Your instructions » Copy exactly the stretch of data below from the line with "Чайник для плиты" through the line with "The 1966 Mustang", including both of those lines.

Start of Block

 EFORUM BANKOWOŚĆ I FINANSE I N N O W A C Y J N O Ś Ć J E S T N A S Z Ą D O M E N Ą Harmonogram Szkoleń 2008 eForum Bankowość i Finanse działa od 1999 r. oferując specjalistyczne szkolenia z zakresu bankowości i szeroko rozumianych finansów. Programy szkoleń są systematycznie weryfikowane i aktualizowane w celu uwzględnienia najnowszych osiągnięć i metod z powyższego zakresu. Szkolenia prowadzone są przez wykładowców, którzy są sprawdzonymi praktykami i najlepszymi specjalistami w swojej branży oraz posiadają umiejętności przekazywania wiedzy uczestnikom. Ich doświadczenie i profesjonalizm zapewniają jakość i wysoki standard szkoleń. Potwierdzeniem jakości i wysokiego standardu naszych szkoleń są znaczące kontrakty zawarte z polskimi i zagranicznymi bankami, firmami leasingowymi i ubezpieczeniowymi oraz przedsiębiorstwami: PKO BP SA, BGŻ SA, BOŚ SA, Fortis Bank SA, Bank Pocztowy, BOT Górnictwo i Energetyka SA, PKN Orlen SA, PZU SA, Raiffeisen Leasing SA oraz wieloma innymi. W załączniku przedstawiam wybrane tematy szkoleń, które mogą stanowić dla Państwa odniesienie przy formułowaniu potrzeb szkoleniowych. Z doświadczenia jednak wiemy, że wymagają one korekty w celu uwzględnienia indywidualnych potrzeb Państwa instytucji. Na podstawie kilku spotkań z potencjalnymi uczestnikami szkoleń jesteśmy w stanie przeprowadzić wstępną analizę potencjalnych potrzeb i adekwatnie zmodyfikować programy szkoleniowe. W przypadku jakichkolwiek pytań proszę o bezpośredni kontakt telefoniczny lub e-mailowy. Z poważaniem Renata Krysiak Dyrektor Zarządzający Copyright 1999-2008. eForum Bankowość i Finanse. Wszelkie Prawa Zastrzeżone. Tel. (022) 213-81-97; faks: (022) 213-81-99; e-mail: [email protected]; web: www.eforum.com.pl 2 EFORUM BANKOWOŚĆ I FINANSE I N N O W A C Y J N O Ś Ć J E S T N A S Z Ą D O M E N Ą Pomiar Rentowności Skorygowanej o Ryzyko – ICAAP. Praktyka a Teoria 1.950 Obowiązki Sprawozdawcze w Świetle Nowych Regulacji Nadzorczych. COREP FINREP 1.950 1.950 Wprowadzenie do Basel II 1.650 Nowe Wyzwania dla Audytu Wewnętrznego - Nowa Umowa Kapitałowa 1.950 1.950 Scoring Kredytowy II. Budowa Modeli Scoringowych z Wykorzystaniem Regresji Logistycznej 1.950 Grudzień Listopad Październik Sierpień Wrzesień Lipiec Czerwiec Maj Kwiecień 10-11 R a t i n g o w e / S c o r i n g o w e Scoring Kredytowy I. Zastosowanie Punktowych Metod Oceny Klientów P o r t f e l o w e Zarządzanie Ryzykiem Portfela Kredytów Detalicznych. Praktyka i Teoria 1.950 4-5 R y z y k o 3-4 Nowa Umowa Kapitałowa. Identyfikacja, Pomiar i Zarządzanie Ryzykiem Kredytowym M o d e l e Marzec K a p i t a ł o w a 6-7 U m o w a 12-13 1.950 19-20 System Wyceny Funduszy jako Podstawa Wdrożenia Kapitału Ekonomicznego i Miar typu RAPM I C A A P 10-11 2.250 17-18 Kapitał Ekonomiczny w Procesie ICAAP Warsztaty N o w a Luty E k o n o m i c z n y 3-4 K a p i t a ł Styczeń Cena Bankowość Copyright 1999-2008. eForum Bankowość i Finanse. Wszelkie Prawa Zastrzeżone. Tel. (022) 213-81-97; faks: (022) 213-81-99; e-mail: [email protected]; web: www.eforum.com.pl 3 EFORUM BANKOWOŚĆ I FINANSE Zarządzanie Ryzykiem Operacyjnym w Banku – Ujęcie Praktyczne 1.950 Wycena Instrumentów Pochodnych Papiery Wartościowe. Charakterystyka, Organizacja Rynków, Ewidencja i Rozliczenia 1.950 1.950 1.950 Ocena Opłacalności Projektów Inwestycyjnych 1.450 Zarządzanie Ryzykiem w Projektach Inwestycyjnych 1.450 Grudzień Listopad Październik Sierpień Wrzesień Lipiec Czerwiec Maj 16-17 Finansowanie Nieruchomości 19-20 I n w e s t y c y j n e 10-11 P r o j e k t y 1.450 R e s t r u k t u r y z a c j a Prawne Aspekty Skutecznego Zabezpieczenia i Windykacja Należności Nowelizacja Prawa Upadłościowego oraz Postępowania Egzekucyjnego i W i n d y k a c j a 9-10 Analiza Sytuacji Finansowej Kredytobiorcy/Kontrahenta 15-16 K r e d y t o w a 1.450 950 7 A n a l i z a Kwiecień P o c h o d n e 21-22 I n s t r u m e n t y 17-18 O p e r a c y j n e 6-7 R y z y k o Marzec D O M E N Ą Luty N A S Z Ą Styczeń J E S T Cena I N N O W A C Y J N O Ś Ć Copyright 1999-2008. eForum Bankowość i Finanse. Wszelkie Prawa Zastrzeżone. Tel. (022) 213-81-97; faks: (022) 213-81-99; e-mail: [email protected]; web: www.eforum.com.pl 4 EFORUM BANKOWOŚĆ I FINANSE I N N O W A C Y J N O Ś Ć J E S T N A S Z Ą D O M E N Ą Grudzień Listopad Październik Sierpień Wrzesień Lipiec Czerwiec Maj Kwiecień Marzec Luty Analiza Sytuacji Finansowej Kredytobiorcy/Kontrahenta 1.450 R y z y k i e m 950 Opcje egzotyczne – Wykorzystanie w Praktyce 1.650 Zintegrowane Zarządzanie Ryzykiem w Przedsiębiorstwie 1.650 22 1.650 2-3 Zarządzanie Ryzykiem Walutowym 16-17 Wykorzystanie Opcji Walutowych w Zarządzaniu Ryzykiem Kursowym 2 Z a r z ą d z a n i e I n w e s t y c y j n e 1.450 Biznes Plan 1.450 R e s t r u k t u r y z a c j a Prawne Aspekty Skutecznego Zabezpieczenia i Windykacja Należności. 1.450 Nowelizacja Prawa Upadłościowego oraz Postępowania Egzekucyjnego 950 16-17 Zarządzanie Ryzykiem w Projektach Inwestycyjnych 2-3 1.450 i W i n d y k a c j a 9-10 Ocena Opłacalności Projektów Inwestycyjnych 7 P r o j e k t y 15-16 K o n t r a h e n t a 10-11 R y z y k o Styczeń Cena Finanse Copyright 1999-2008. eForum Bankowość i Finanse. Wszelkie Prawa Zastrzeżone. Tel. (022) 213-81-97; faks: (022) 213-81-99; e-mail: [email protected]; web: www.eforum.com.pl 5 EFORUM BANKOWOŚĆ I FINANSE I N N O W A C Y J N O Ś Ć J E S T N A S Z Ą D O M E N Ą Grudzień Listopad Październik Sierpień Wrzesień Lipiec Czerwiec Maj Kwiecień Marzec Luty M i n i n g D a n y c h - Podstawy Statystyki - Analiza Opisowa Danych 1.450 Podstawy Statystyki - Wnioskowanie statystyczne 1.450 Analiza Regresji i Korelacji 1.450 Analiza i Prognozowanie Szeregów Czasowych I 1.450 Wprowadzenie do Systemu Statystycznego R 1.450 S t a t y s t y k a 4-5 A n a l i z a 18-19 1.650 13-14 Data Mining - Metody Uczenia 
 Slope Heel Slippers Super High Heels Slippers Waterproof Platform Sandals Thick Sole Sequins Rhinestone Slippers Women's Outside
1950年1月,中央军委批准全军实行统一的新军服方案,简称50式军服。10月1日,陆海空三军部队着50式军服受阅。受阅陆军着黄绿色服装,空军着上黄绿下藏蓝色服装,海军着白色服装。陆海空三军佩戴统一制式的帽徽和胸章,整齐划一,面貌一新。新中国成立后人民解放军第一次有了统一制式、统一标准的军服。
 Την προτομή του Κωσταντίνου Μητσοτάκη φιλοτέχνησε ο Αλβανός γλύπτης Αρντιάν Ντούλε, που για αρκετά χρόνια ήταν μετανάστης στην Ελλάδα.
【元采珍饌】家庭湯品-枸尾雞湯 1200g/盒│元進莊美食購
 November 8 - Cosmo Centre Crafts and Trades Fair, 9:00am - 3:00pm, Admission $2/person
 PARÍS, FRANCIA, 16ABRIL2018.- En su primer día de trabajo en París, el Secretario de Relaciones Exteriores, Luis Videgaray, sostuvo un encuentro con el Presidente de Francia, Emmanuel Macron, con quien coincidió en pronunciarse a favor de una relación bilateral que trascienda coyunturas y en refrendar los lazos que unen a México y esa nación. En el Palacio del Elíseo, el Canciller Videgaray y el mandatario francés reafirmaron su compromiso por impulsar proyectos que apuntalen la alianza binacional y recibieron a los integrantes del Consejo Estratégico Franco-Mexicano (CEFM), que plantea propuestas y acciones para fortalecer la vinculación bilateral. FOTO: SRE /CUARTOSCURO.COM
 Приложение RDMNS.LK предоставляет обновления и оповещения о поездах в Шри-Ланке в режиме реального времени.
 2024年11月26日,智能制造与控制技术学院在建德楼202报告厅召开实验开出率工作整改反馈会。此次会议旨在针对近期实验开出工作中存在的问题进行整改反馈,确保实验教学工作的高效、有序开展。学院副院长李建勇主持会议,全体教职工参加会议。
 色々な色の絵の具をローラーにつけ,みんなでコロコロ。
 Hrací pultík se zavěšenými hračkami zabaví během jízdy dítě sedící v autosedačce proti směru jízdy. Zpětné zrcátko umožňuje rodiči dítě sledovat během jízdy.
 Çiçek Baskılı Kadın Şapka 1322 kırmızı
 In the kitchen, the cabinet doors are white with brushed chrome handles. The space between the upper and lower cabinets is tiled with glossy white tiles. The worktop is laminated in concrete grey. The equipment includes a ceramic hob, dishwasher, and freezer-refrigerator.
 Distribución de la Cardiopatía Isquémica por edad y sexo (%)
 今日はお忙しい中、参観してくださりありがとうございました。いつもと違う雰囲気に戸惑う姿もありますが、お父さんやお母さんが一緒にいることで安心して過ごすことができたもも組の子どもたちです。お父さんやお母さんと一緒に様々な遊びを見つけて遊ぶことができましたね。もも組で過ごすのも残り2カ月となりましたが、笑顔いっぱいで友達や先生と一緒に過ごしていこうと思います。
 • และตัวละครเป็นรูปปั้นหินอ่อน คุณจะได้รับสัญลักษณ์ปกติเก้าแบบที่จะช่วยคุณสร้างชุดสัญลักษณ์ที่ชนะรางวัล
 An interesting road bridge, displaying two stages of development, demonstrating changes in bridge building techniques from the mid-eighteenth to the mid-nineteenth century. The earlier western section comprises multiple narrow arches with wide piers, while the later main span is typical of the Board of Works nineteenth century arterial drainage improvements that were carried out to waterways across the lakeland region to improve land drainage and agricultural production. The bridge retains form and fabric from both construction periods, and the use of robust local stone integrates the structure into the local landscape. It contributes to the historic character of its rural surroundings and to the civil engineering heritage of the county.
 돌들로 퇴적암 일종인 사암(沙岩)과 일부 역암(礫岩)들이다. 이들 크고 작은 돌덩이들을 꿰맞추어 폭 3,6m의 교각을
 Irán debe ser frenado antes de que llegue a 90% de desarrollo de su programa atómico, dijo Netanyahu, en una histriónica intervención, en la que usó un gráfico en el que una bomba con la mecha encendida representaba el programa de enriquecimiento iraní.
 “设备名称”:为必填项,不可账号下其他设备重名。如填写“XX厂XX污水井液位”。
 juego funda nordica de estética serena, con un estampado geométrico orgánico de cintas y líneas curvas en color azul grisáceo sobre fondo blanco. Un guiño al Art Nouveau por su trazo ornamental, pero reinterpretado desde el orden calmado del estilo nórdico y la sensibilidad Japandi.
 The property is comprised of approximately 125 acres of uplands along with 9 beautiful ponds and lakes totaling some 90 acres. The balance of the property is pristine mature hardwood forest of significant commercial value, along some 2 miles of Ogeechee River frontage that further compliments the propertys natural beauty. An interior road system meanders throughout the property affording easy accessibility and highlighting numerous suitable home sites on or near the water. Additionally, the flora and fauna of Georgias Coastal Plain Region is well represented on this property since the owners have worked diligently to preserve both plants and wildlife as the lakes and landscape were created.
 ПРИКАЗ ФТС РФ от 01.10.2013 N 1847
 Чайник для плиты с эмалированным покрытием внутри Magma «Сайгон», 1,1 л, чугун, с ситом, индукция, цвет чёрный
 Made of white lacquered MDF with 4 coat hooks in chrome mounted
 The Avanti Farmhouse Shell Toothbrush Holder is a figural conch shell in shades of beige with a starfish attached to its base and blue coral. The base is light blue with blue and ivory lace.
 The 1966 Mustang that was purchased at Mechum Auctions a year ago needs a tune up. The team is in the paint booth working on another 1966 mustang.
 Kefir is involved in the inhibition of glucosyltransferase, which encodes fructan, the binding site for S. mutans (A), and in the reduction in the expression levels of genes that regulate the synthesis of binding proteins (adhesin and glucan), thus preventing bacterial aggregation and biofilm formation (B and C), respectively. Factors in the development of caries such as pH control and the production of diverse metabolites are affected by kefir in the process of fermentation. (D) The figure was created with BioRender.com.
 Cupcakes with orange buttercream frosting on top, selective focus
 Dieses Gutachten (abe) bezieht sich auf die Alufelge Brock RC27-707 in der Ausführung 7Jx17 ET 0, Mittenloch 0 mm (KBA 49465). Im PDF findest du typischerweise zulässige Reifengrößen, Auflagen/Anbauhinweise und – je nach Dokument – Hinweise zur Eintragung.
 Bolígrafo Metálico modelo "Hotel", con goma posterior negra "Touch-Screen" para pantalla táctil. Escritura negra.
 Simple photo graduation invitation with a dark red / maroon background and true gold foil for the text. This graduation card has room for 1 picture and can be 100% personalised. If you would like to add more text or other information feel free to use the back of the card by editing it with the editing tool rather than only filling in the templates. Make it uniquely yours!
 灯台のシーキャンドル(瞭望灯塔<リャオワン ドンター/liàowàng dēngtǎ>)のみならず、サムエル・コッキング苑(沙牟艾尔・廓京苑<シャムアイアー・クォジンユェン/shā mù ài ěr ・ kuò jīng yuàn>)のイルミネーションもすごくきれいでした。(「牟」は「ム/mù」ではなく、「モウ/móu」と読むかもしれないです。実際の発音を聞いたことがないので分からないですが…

End of Block

Task answer »
 Чайник для плиты с эмалированным покрытием внутри Magma «Сайгон», 1,1 л, чугун, с ситом, индукция, цвет чёрный
 Made of white lacquered MDF with 4 coat hooks in chrome mounted
 The Avanti Farmhouse Shell Toothbrush Holder is a figural conch shell in shades of beige with a starfish attached to its base and blue coral. The base is light blue with blue and ivory lace.
 The 1966 Mustang that was purchased at Mechum Auctions a year ago needs a tune up. The team is in the paint booth working on another 1966 mustang.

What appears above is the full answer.